You may notice a common theme amongst all these personality disorder groups, in the way a person conceives of themselves, and the way they interact with the external world, as fundamentally “maladaptive”. As a reminder, maladaptive means that the adaptation of behavior is unhealthy, unrealistic, and damaging to oneself, and to relationships with other people.

What causes Personality Disorders:

The cause of a personality disorder is a complex topic. One could easily fill a library with the literature and research establishing statistics in clinical significance of personality disorder outcomes in people. Research has established that adverse childhood trauma experiences can causally contribute to maladaptive alterations in the personality. If you recall, we’ve established that personality develops through our childhood, and solidifies in adulthood. If adverse conditions during childhood are extreme enough, a person might develop a way of "behaving" to survive those extreme conditions. Examples of extreme conditions can be chronic abuse, neglect, or when the fundamental necessities of life in resources and emotional nurturance are not readily available. When this occurs, established maladaptive defense mechanisms can cause unhealthy personality outcomes in adulthood.

At this point we have defined what personality is, what happens when there is a disorder in the personality, the categories of personality disorders as defined by the DSM-V, and brief examples of each. Now let’s turn our attention to treatment options, and how problems of this nature or addressed in therapy.

Therapy Treatments:

One of the most effective psychotherapy treatments for personality disorders, especially borderline personality disorder in the cluster B category, is Dialectical Behavioral Therapy.

Dialectical Behavioral Therapy (DBT) is an offshoot of Cognitive Behavioral Therapy. DBT is divided into four major categories of “instruction”. These categories are:


-Emotional Regulation

-Distress Tolerance

-Interpersonal Skill

Mindfulness skills are used to help stabilize a person when intense emotions overcome them, helping to deescalate intensity. Next, Emotional Regulation is the "cognitive" aspect of this treatment.
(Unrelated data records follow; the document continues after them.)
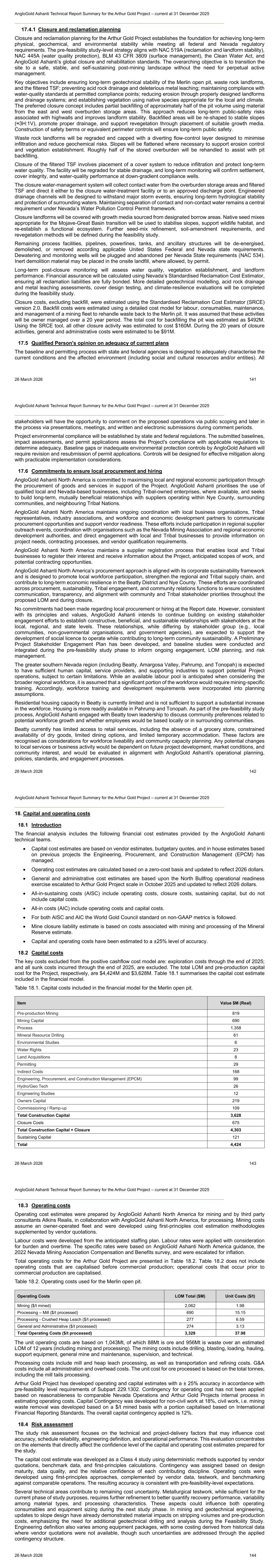 AngloGold Ashanti Technical Report Summary for the Arthur Gold Project – current at 31 December 2025 __________________________________________________________________________________________ 26 March 2026 141 17.4.1 Closure and reclamation planning Closure and reclamation planning for the Arthur Gold Project establishes the foundation for achieving long-term physical, geochemical, and environmental stability while meeting all federal and Nevada regulatory requirements. The pre-feasibility study-level strategy aligns with NAC 519A (reclamation and landform stability), NAC 445A (water quality protection), BLM 43 CFR 3809 (surface management), the Clean Water Act, and AngloGold Ashanti’s global closure and rehabilitation standards. The overarching objective is to transition the site to a safe, stable, and self-sustaining post-mining landscape without the need for perpetual active management. Key objectives include ensuring long-term geotechnical stability of the Merlin open pit, waste rock landforms, and the filtered TSF; preventing acid rock drainage and deleterious metal leaching; maintaining compliance with water-quality standards at permitted compliance points; reducing erosion through properly designed landforms and drainage systems; and establishing vegetation using native species appropriate for the local arid climate. The preferred closure concept includes partial backfilling of approximately half of the pit volume using material from the east and west overburden storage areas. This approach reduces long-term public-safety risks associated with highwalls and improves landform stability. Backfilled areas will be re-shaped to stable slopes (≈3H:1V), promote proper drainage, and support revegetation through placement of suitable growth media. Construction of safety berms or equivalent perimeter controls will ensure long-term public safety. Waste rock landforms will be regraded and capped with a diverting flow-control layer designed to minimise infiltration and reduce geochemical risks. Slopes will be flattened where necessary to support erosion control and vegetation establishment. Roughly half of the stored overburden will be rehandled to assist with pit backfilling. Closure of the filtered TSF involves placement of a cover system to reduce infiltration and protect long-term water quality. The facility will be regraded for stable drainage, and long-term monitoring will confirm settlement, cover integrity, and water-quality performance at down-gradient compliance wells. The closure water-management system will collect contact water from the overburden storage areas and filtered TSF and direct it either to the closure water-treatment facility or to an approved discharge point. Engineered drainage channels will be designed to withstand major storm events, ensuring long-term hydrological stability and protection of surrounding waters. Maintaining separation of contact and non-contact water remains a central requirement under Nevada’s Water Pollution Control Permit framework. Closure landforms will be covered with growth media sourced from designated borrow areas. Native seed mixes appropriate for the Mojave-Great Basin transition will be used to stabilise slopes, support wildlife habitat, and re-establish a functional ecosystem. Further seed-mix refinement, soil-amendment requirements, and revegetation methods will be defined during the feasibility study. Remaining process facilities, pipelines, powerlines, tanks, and ancillary structures will be de-energised, demolished, or removed according applicable United States Federal and Nevada state requirements. Dewatering and monitoring wells will be plugged and abandoned per Nevada State requirements (NAC 534). Inert demolition material may be placed in the onsite landfill, where allowed, by permit. Long-term post-closure monitoring will assess water quality, vegetation establishment, and landform performance. Financial assurance will be calculated using Nevada’s Standardised Reclamation Cost Estimator, ensuring all reclamation liabilities are fully bonded. More detailed geotechnical modelling, acid rock drainage and metal leaching assessments, cover design testing, and climate-resilience evaluations will be completed during the feasibility study. Closure costs, excluding backfill, were estimated using the Standardised Reclamation Cost Estimator (SRCE) version 2.0. Backfill costs were estimated using a detailed cost model for labour, consumables, maintenance, and management of a mining fleet to rehandle waste back to the Merlin pit. It was assumed that these activities will be owner managed over a 20 year period. The total cost for backfilling the pit was estimated as $492M. Using the SRCE tool, all other closure activity was estimated to cost $160M. During the 20 years of closure activities, general and administrative costs were estimated to be $91M. 17.5 Qualified Person's opinion on adequacy of current plans The baseline and permitting process with state and federal agencies is designed to adequately characterise the current conditions and the affected environment (including social and cultural resources and/or entities). All AngloGold Ashanti Technical Report Summary for the Arthur Gold Project – current at 31 December 2025 __________________________________________________________________________________________ 26 March 2026 142 stakeholders will have the opportunity to comment on the proposed operations via public scoping and later in the process via presentations, meetings, and written and electronic submissions during comment periods. Project environmental compliance will be established by state and federal regulations. The submitted baselines, impact assessments, and permit applications assess the Project's compliance with applicable regulations to determine adequacy. Baseline gaps or inadequate environmental protection controls by AngloGold Ashanti will require revision and resubmission of permit applications. Controls 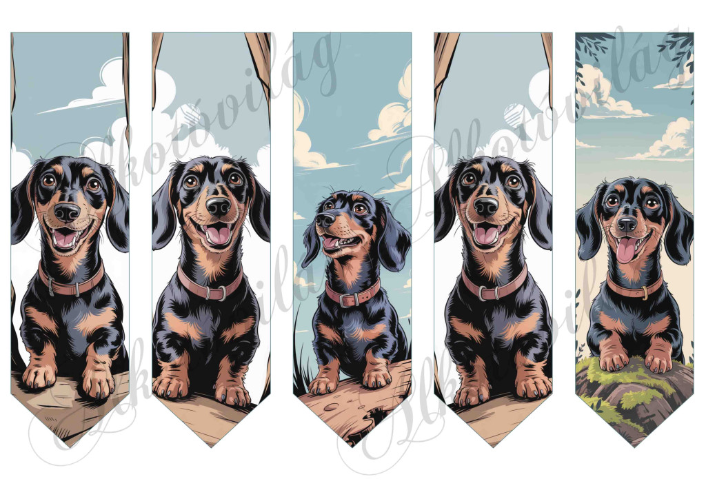 Könyvjelzők jókedvű tacskó kutyusokkal - 17,5  X 5 cm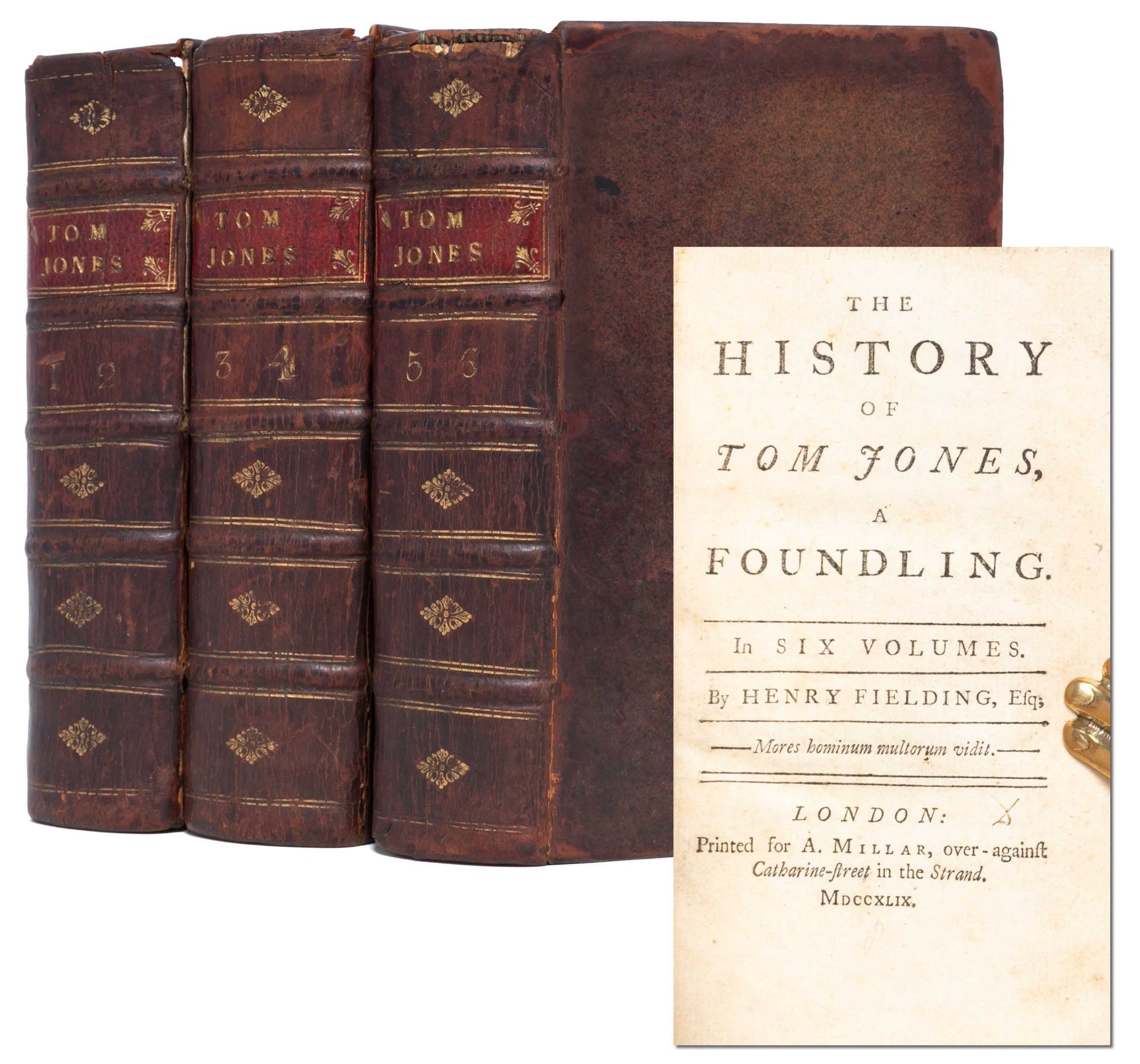One of the earliest and most successful examples of the British novel, particularly the comedic genre. All 2,000 copies of the first printing were subscribed prior to the official release, prompting two more printings in 1749. Tom Jones was a bestseller in its day and has never gone out of print; it continues to inspire and amuse new generations of readers. Very Good +.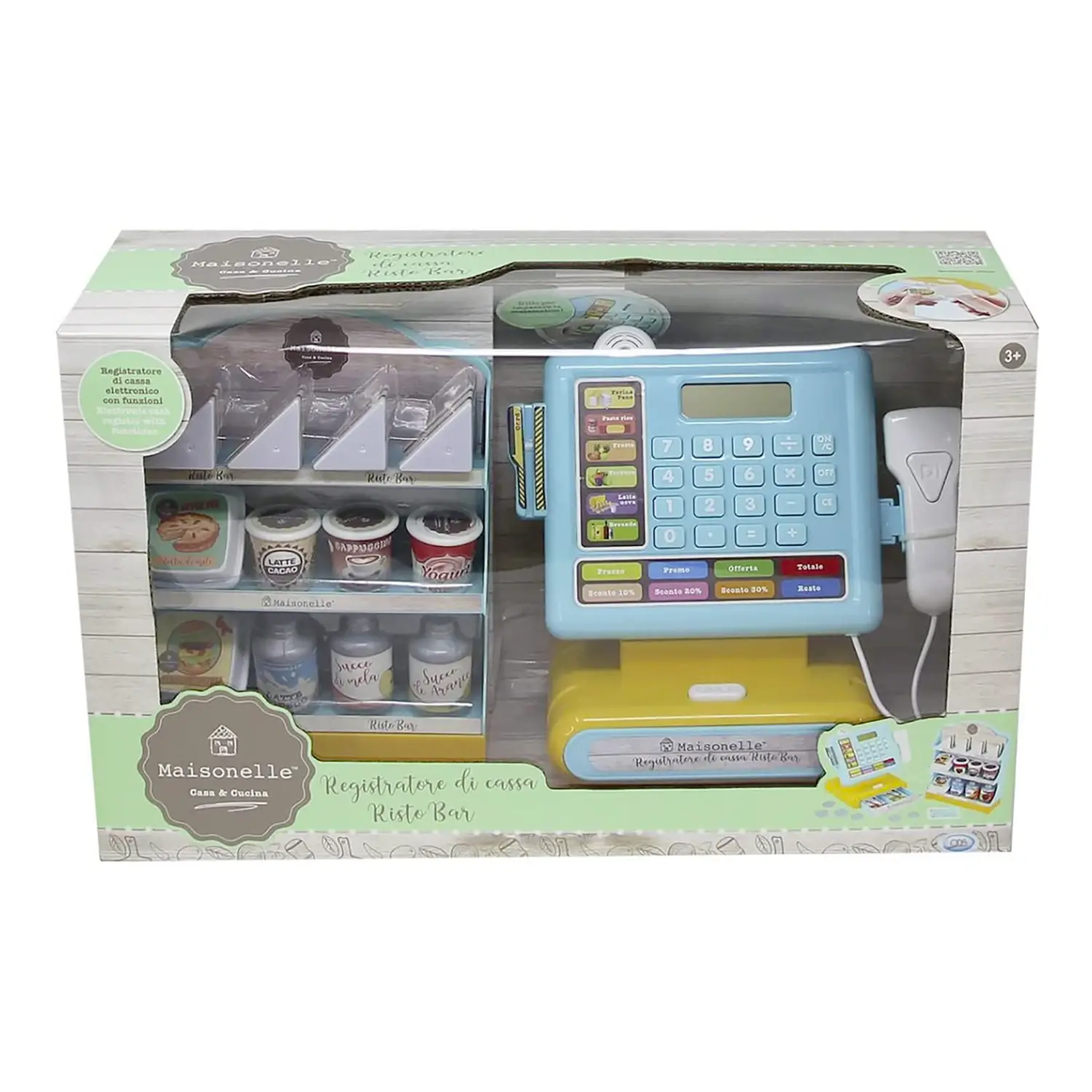 The Maisonelle Cash Register Risto Bar also includes a risto bar banquet with a variety of food items. Children can imagine preparing delicious meals, serving customers and managing the sales ledger, all in an engaging and creative play environment.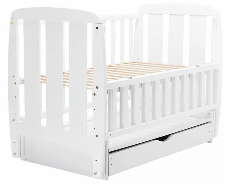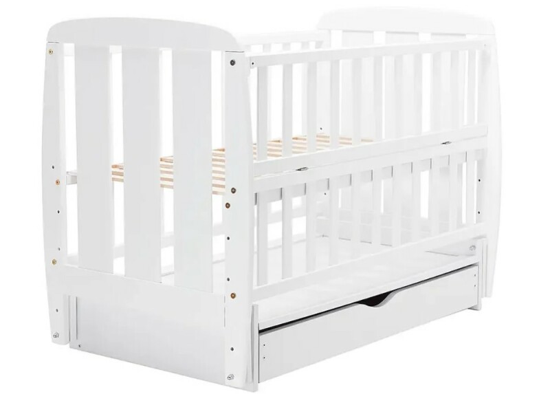 Дитяче ліжечко для новонароджених ДУБОК Кулька SH-03 з шухлядою, маятник, відкидний бік бук білий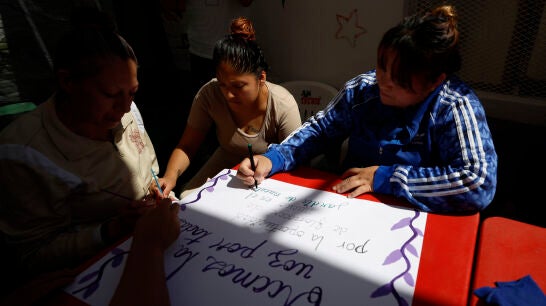 "Por ser mujeres nos meten a la cárcel injustificadamente, abusan de nosotras y nos desaparecen", dice Susana Campos, recluida en el Penal de Barrientos, en el central Estado de México, mientras propone una consigna que dibujará en una cartulina junto con sus compañeras. Ella tampoco podrá acudir a la manifestación del 8M, pero su pancarta, junto a otras elaboradas en diferentes centros penitenciarios del país, las llevarán las integrantes y aliadas de la organización La Cana.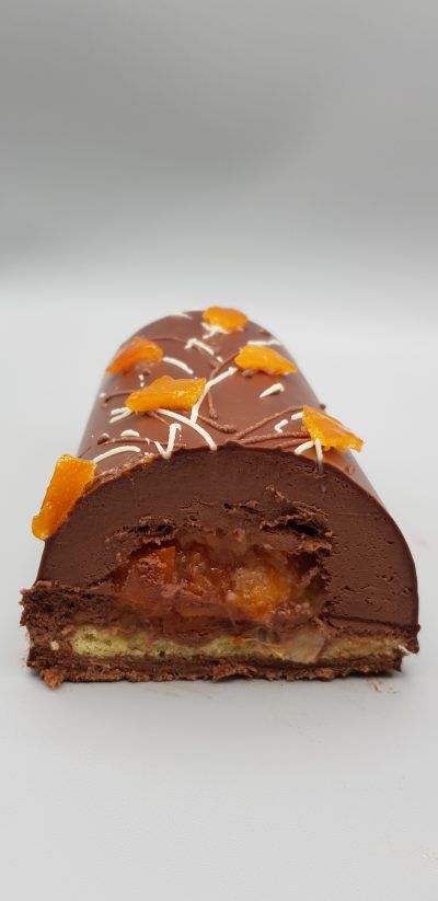 Génoise chocolat, insert marmelade orange, croustillant praliné, mousse au chocolat, glaçage chocolat noir

It helps a person recognize unhealthy thinking patterns, and how to rationally redirect them. Distress tolerance helps a person confront negative emotions, instead of avoiding or repressing them. When we practice confronting negative emotions, we become more adaptive and less preoccupied by them.

Finally, Interpersonal skill is the section of treatment that refers to "strengthening the ability to sustain relationships". This lesson teaches people how to set boundaries, or communicate assertively. Dialectical Behavioral Therapy is an evidenced based treatment, and has been shown in clinical control trials to have effective treatment outcomes.

Behavioral Activation Therapy can also be used to support personality disorder treatment. This kind of therapy teaches a person how to create positive reward incentives for desirable behavioral redirection. This helps a person build a better association when confronting circumstances that may be uncomfortable, or even triggering.

Psychodynamic Therapy is also a modality of treatment used in treating personality disorders. Psychodynamic therapy is one of the older psychotherapy treatments that focuses on theories of personality and relationships. This kind of therapy helps a person become aware of some of the behaviors and actions that they do unconsciously that influence their outcomes. It also aims to make the person aware of how circumstances in their childhood might be linked to some of their behavior in their adulthood. Once a person can become more aware of these dynamics, they are empowered to make different choices that yield better outcomes.